Я говорю это прежде, чем успеваю что-нибудь подумать; врать мне ничуть не приятнее, чем объяснять ему, что же я на самом деле собираюсь делать на Севере.

— Вы в плавание? — поспешно задаю я вопрос.

— Да, должен заменить в Тромсё одного кока, который сбежал с корабля. Терпеть не могу сидеть в самолёте. Но пароходство, оно этим не интересуется.

Он снова переворачивает книжку, текстом вверх.

— Трудный язык этот английский. Ты понимаешь, что здесь написано?

Он указывает мне на предложение, которое звучит так: «Does Alfred go to the races? No, he doesn't».

— Почему они это так написали, — спрашивает он, — что он там делает?

— Это просто такая манера говорить, — пробую я объяснить. — Если англичане хотят о чем-нибудь спросить, они говорят не: «Ходит ли Альфред на скачки?», а: «Делает ли Альфред ходить на скачки?».

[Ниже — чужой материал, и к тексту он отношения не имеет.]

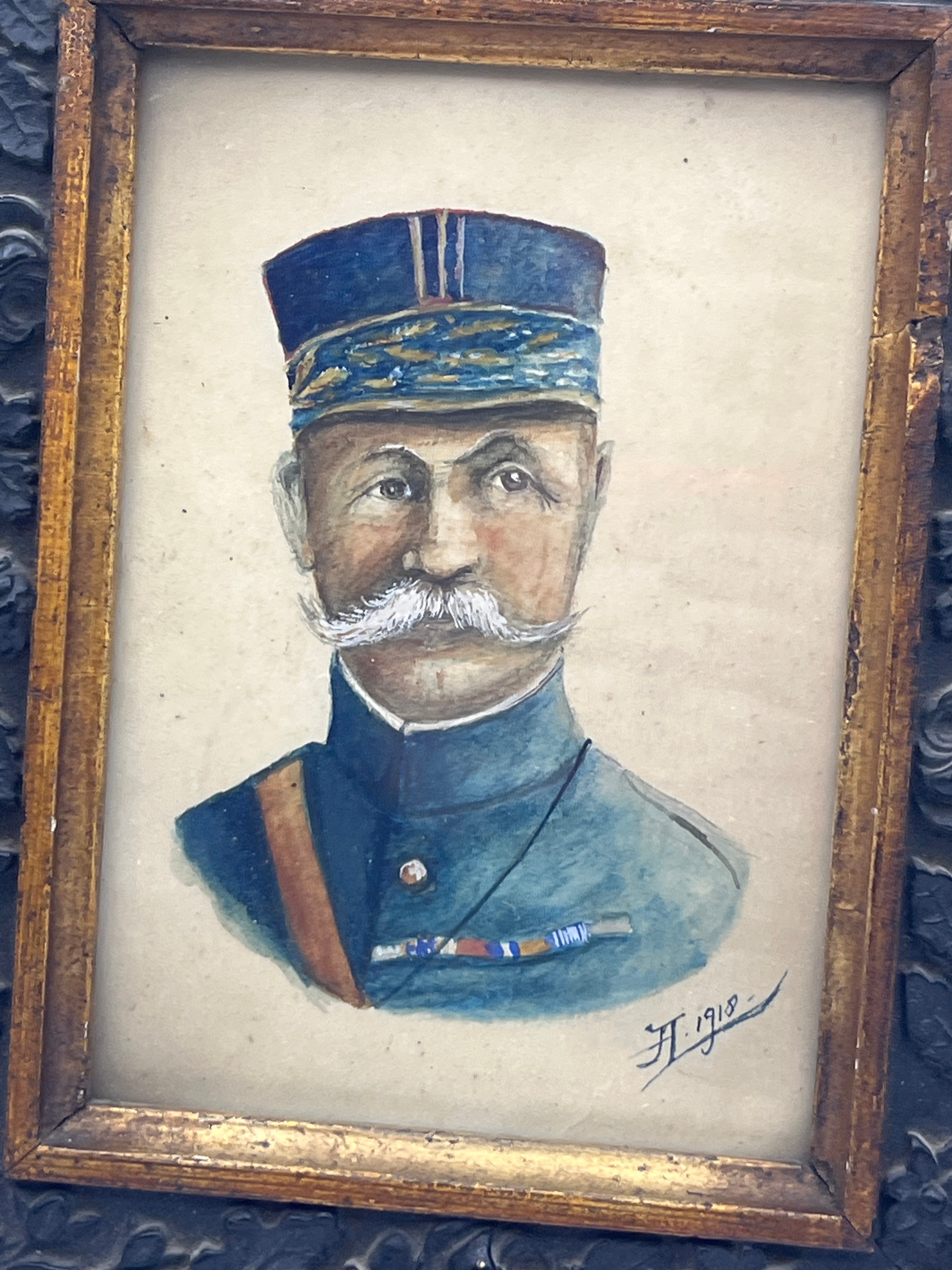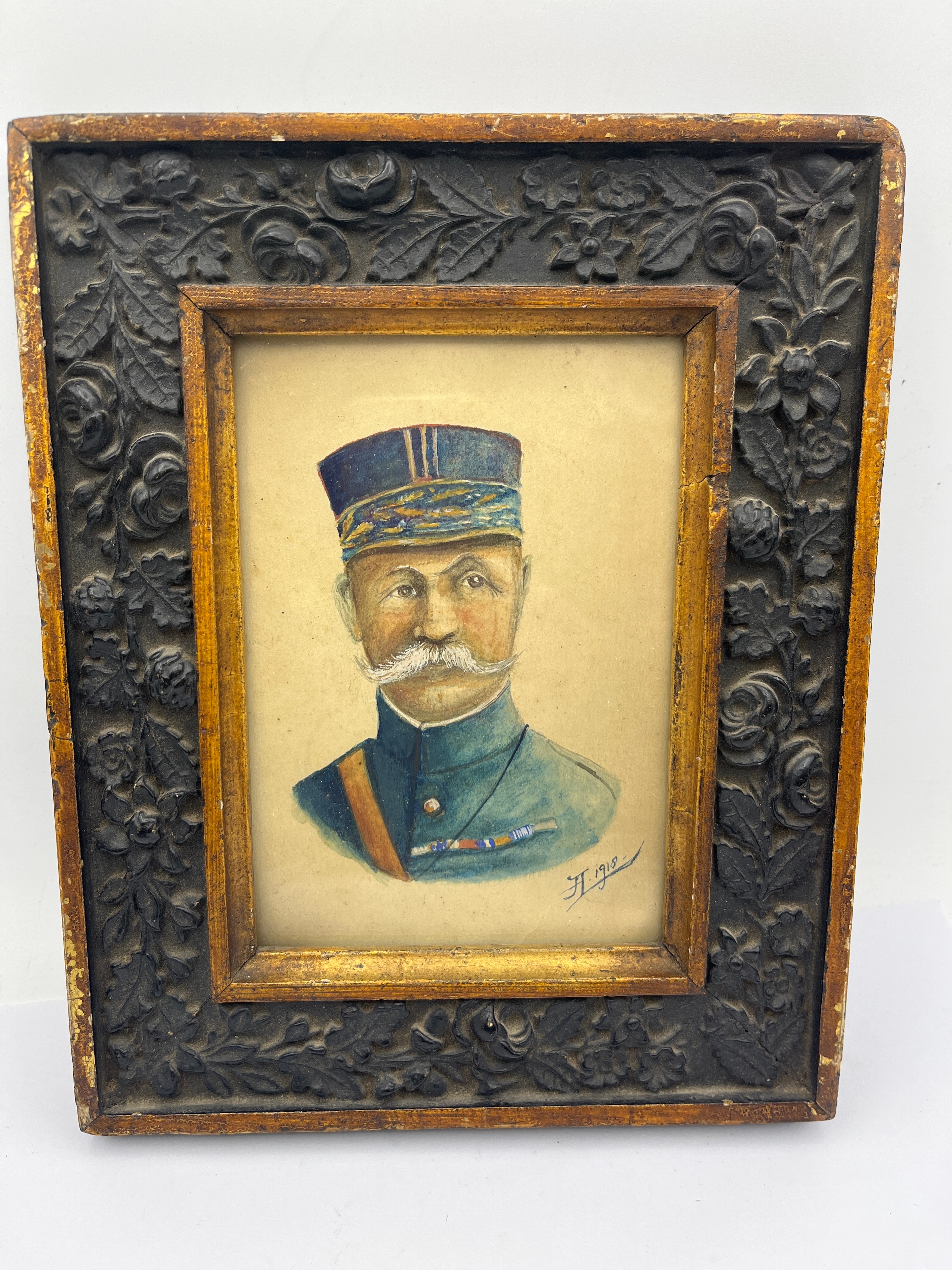 A WWI era naive folk art portrait, executed in watercolor or gouache on paper, depicting a male military figure, likely a French officer. The subject is rendered in a distinctive style, featuring a blue uniform with a unique cap, a prominent white mustache, a sash, and medal ribbons on his chest. The artwork is signed ‘H.’ and dated ‘1918’ in the lower right corner. It is presented in a heavily carved wooden frame, which exhibits a dark, possibly ebonized, finish with an underlying gold or gilt layer visible through wear.

— Но это же просто ерунда какая-то!

— Ничего не поделаешь, такой язык. Понимаете, когда англичане задают вопрос, они сначала спрашивают о том, делаете ли вы что-нибудь, а потом уточняют, что именно, в инфинитиве.

«В инфинитиве»! Я сразу же закусываю губу. Неужели я даже самых простых вещей не могу объяснить без того, чтобы показаться педантом?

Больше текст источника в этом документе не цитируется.